- _TASK DIRECTIONS_
Only the pictures are to be omitted; everything else in the listing must be reproduced exactly.
════════════════
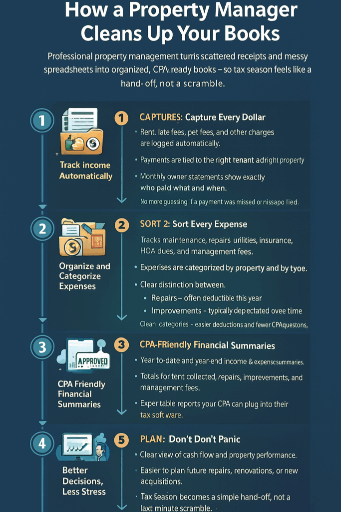 Tax season can feel overwhelming for Texas landlords. Between gathering receipts, tracking rental income, and categorizing expenses, it’s easy for important details to slip through the cracks. Professional property managers, however, make this process much simpler, helping landlords keep clean, organized books that are ready for the CPA and compliant with IRS guidelines.
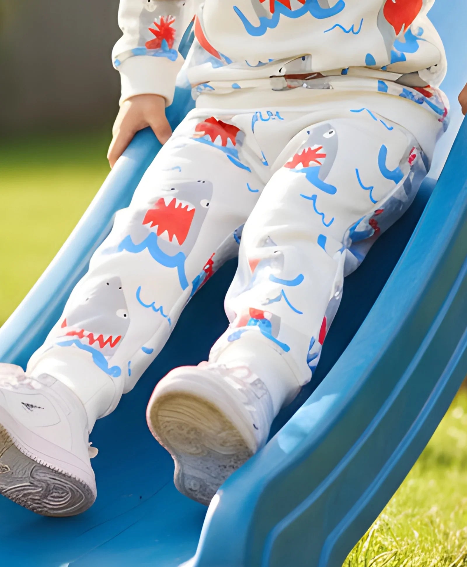Snuggle up with the ocean's coolest crew in the SLEEPY SHARK BOYS FLEECE JOGGER - OFF WHITE. These comfy bottoms feature a fun, ALL OVER PRINTED pattern of snoozing sharks on a soft white base. Made from warm FLEECE, they guarantee cozy warmth for deep, deep-sea dreams.
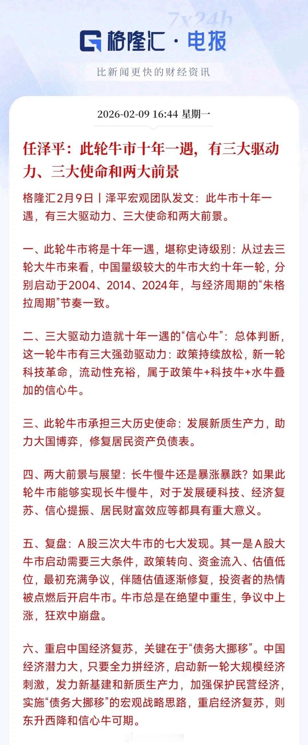 任泽平近期谈及市场观点,认为当前这轮牛市堪称十年一遇,并指出背后有三大支撑因素:一是政策持续宽松,二是科技股引领的产业革命,三是流动性的持续支持。
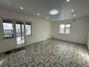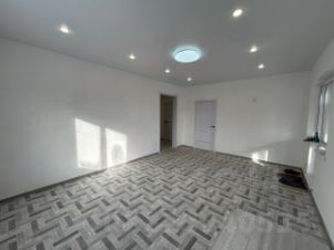 Отделка: натяжные потолки с точечными светильниками, линолеум в комнатах, керамогранит в гостиной и санузле.
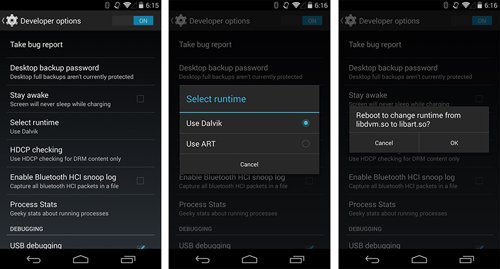 Để chuyển từ Dalvik sang ART, trên các máy KitKat, bạn có thể tìm thấy nó ở trong phần Settings > Developer Options > Select Runtime (một số máy dùng ROM cook có thể không có, và việc kích hoạt nó lên có thể khiến hệ thống và ứng dụng gặp lỗi đấy nhé).
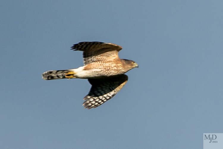 One thing all of these birds need to worry about is this bird. The Cooper’s Hawk, along with the smaller but very similar Sharp-shinned Hawk, is an accomplished bird hunter. It’s shape and long tail make it fast and agile enough to chase down smaller birds, even through the trees. Both are visitors to bird feeders but not for the seeds.
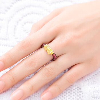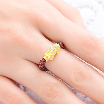 蒂蔻(Tico)招财貔貅黄金戒指女士款3D硬金石榴石指环送女朋友生日礼物
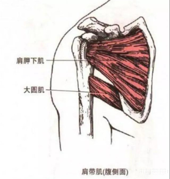 3.再往下为小圆肌,止于肱骨大结节的下端。这三条肌腱形成肩袖的上后部分,肌腱之间分界不明显。
════════════════
- _EXERCISE SOLUTION_
 Tax season can feel overwhelming for Texas landlords. Between gathering receipts, tracking rental income, and categorizing expenses, it’s easy for important details to slip through the cracks. Professional property managers, however, make this process much simpler, helping landlords keep clean, organized books that are ready for the CPA and compliant with IRS guidelines.
Snuggle up with the ocean's coolest crew in the SLEEPY SHARK BOYS FLEECE JOGGER - OFF WHITE. These comfy bottoms feature a fun, ALL OVER PRINTED pattern of snoozing sharks on a soft white base. Made from warm FLEECE, they guarantee cozy warmth for deep, deep-sea dreams.
 任泽平近期谈及市场观点,认为当前这轮牛市堪称十年一遇,并指出背后有三大支撑因素:一是政策持续宽松,二是科技股引领的产业革命,三是流动性的持续支持。
 Отделка: натяжные потолки с точечными светильниками, линолеум в комнатах, керамогранит в гостиной и санузле.
 Để chuyển từ Dalvik sang ART, trên các máy KitKat, bạn có thể tìm thấy nó ở trong phần Settings > Developer Options > Select Runtime (một số máy dùng ROM cook có thể không có, và việc kích hoạt nó lên có thể khiến hệ thống và ứng dụng gặp lỗi đấy nhé).
 One thing all of these birds need to worry about is this bird. The Cooper’s Hawk, along with the smaller but very similar Sharp-shinned Hawk, is an accomplished bird hunter. It’s shape and long tail make it fast and agile enough to chase down smaller birds, even through the trees. Both are visitors to bird feeders but not for the seeds.
 蒂蔻(Tico)招财貔貅黄金戒指女士款3D硬金石榴石指环送女朋友生日礼物
 3.再往下为小圆肌,止于肱骨大结节的下端。这三条肌腱形成肩袖的上后部分,肌腱之间分界不明显。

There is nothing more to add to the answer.